In your copy, leave out the pictures and repeat every record exactly.

Extracted records:

----

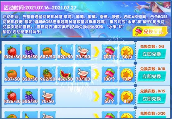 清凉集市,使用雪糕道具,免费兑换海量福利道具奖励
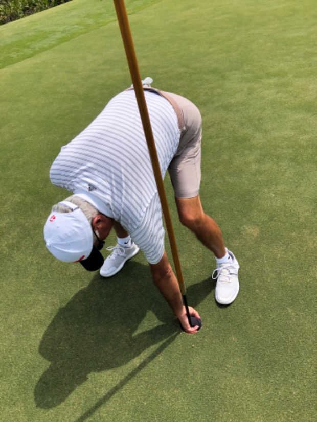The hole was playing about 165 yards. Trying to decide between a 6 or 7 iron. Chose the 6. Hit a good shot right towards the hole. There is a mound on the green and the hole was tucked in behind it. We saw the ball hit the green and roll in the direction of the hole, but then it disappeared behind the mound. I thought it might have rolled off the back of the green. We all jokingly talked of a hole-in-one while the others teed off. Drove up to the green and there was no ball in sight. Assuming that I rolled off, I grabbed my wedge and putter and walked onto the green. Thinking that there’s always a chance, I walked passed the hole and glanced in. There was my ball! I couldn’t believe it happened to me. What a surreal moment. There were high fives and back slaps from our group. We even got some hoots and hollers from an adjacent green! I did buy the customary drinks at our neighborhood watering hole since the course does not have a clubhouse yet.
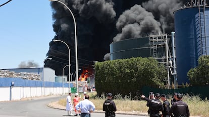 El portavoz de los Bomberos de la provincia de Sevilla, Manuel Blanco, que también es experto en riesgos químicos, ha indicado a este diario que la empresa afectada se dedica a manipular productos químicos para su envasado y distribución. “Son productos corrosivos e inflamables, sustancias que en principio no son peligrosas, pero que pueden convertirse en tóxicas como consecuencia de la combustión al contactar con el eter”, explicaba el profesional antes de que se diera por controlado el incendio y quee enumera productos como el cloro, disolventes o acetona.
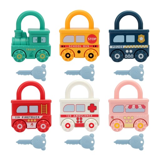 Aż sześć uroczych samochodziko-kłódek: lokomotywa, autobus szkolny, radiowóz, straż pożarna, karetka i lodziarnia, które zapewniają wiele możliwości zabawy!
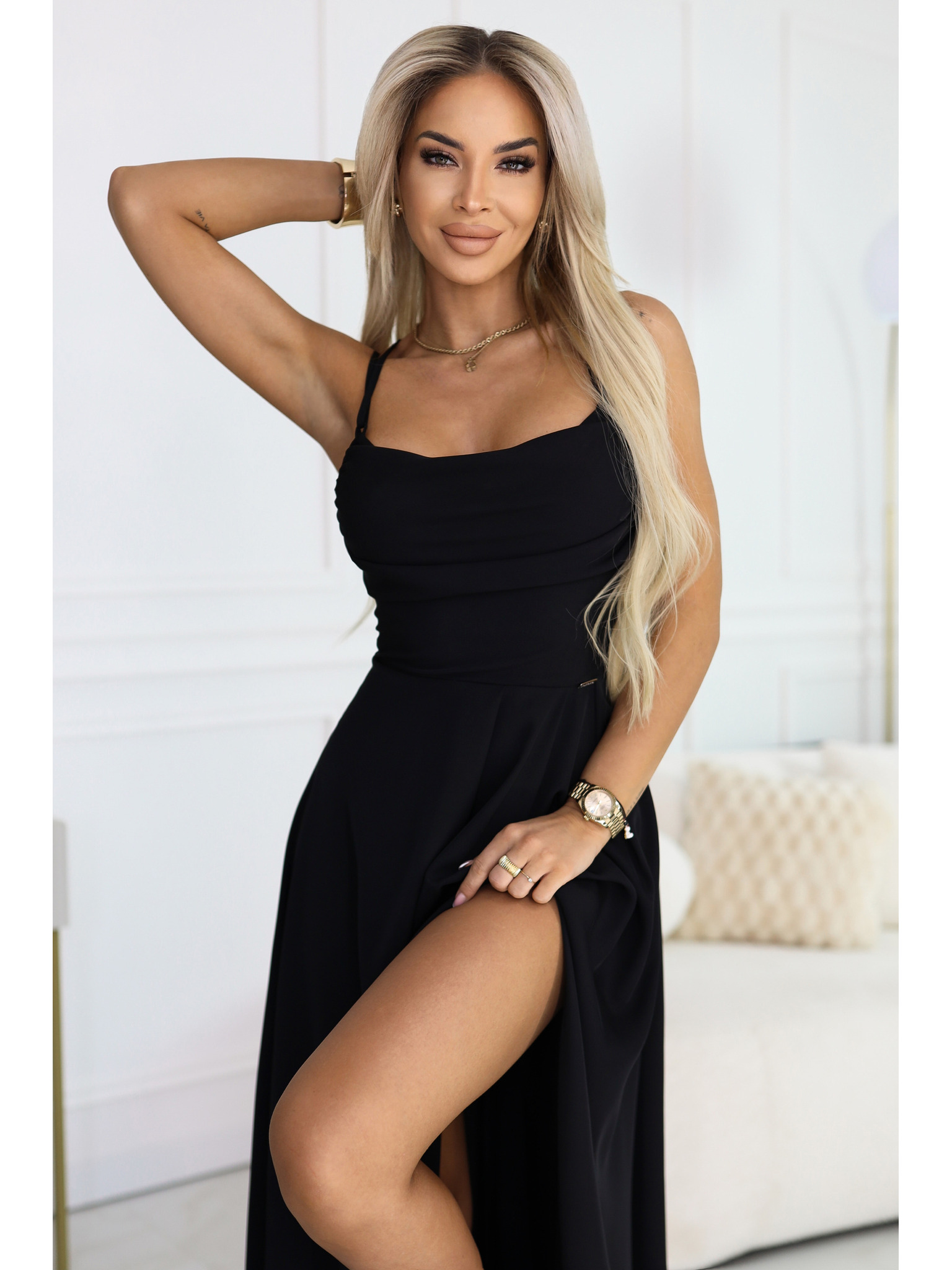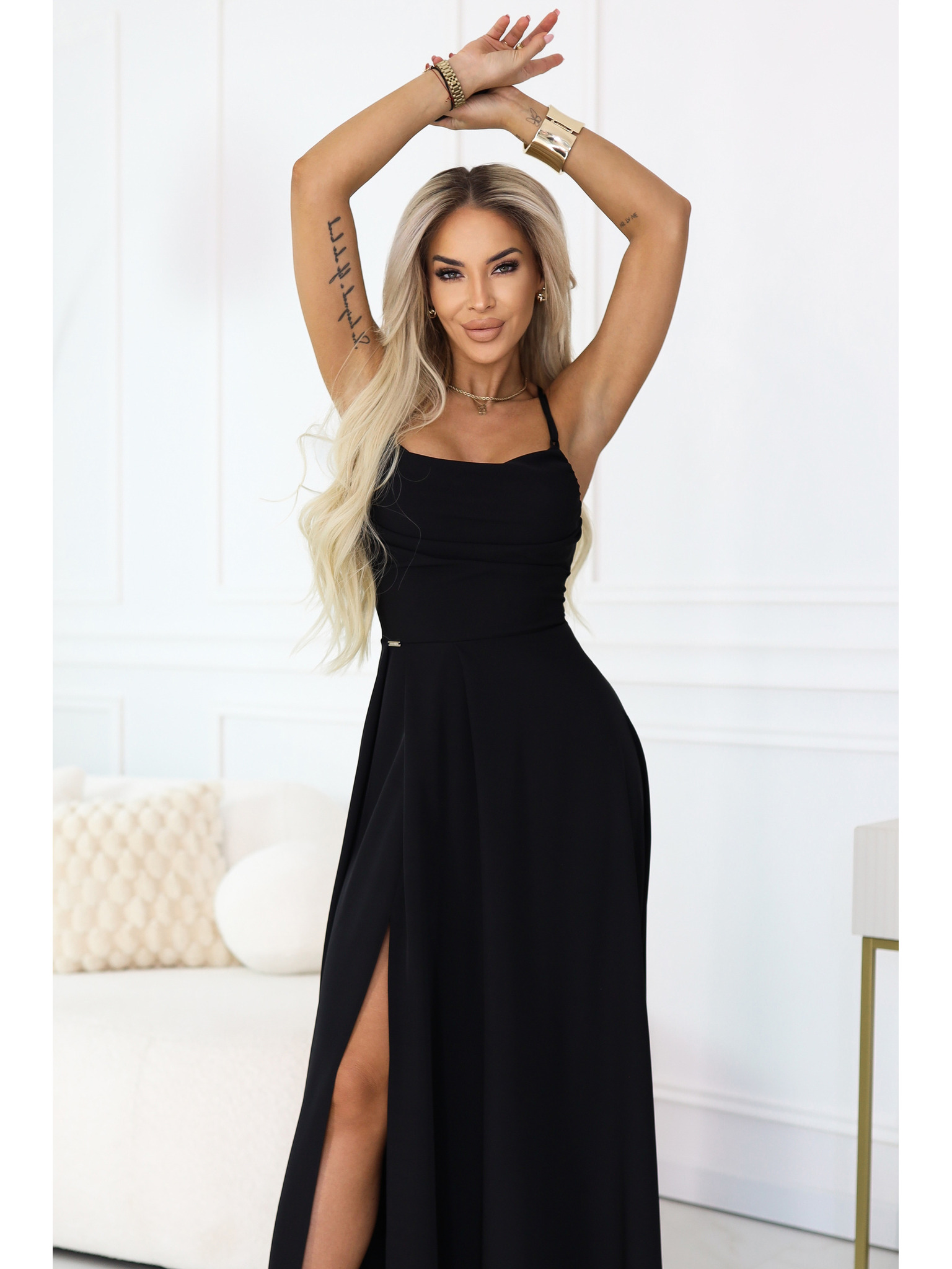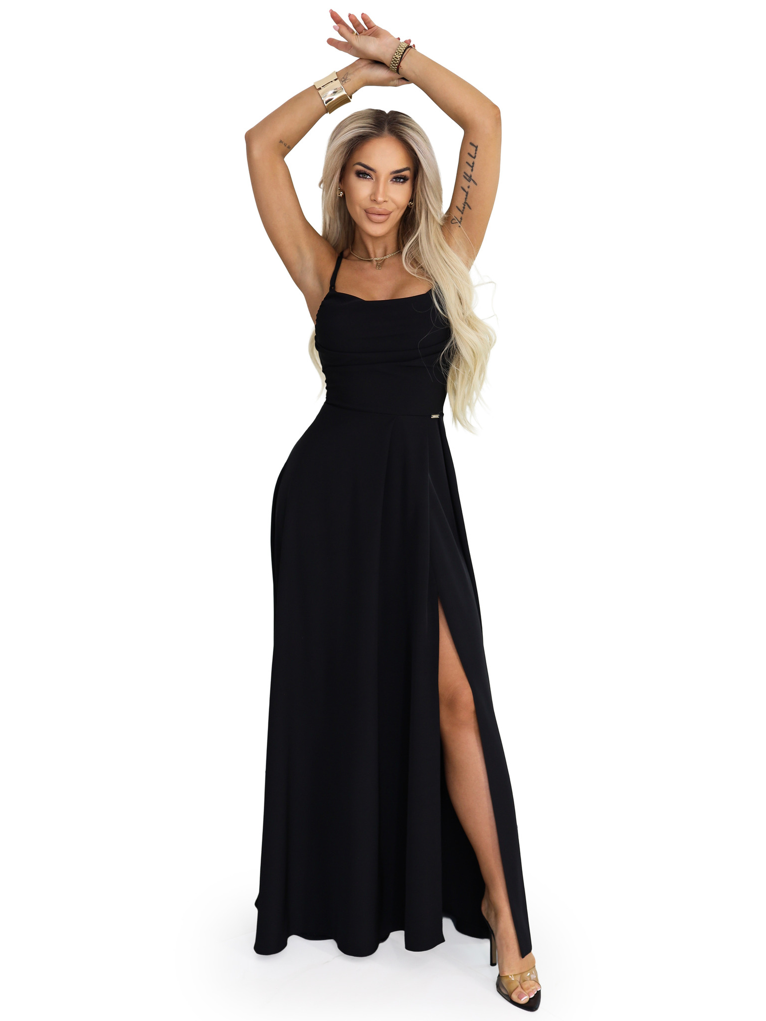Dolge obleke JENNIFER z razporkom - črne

----

## Solution to this problem:
 清凉集市,使用雪糕道具,免费兑换海量福利道具奖励
The hole was playing about 165 yards. Trying to decide between a 6 or 7 iron. Chose the 6. Hit a good shot right towards the hole. There is a mound on the green and the hole was tucked in behind it. We saw the ball hit the green and roll in the direction of the hole, but then it disappeared behind the mound. I thought it might have rolled off the back of the green. We all jokingly talked of a hole-in-one while the others teed off. Drove up to the green and there was no ball in sight. Assuming that I rolled off, I grabbed my wedge and putter and walked onto the green. Thinking that there’s always a chance, I walked passed the hole and glanced in. There was my ball! I couldn’t believe it happened to me. What a surreal moment. There were high fives and back slaps from our group. We even got some hoots and hollers from an adjacent green! I did buy the customary drinks at our neighborhood watering hole since the course does not have a clubhouse yet.
 El portavoz de los Bomberos de la provincia de Sevilla, Manuel Blanco, que también es experto en riesgos químicos, ha indicado a este diario que la empresa afectada se dedica a manipular productos químicos para su envasado y distribución. “Son productos corrosivos e inflamables, sustancias que en principio no son peligrosas, pero que pueden convertirse en tóxicas como consecuencia de la combustión al contactar con el eter”, explicaba el profesional antes de que se diera por controlado el incendio y quee enumera productos como el cloro, disolventes o acetona.
 Aż sześć uroczych samochodziko-kłódek: lokomotywa, autobus szkolny, radiowóz, straż pożarna, karetka i lodziarnia, które zapewniają wiele możliwości zabawy!
Dolge obleke JENNIFER z razporkom - črne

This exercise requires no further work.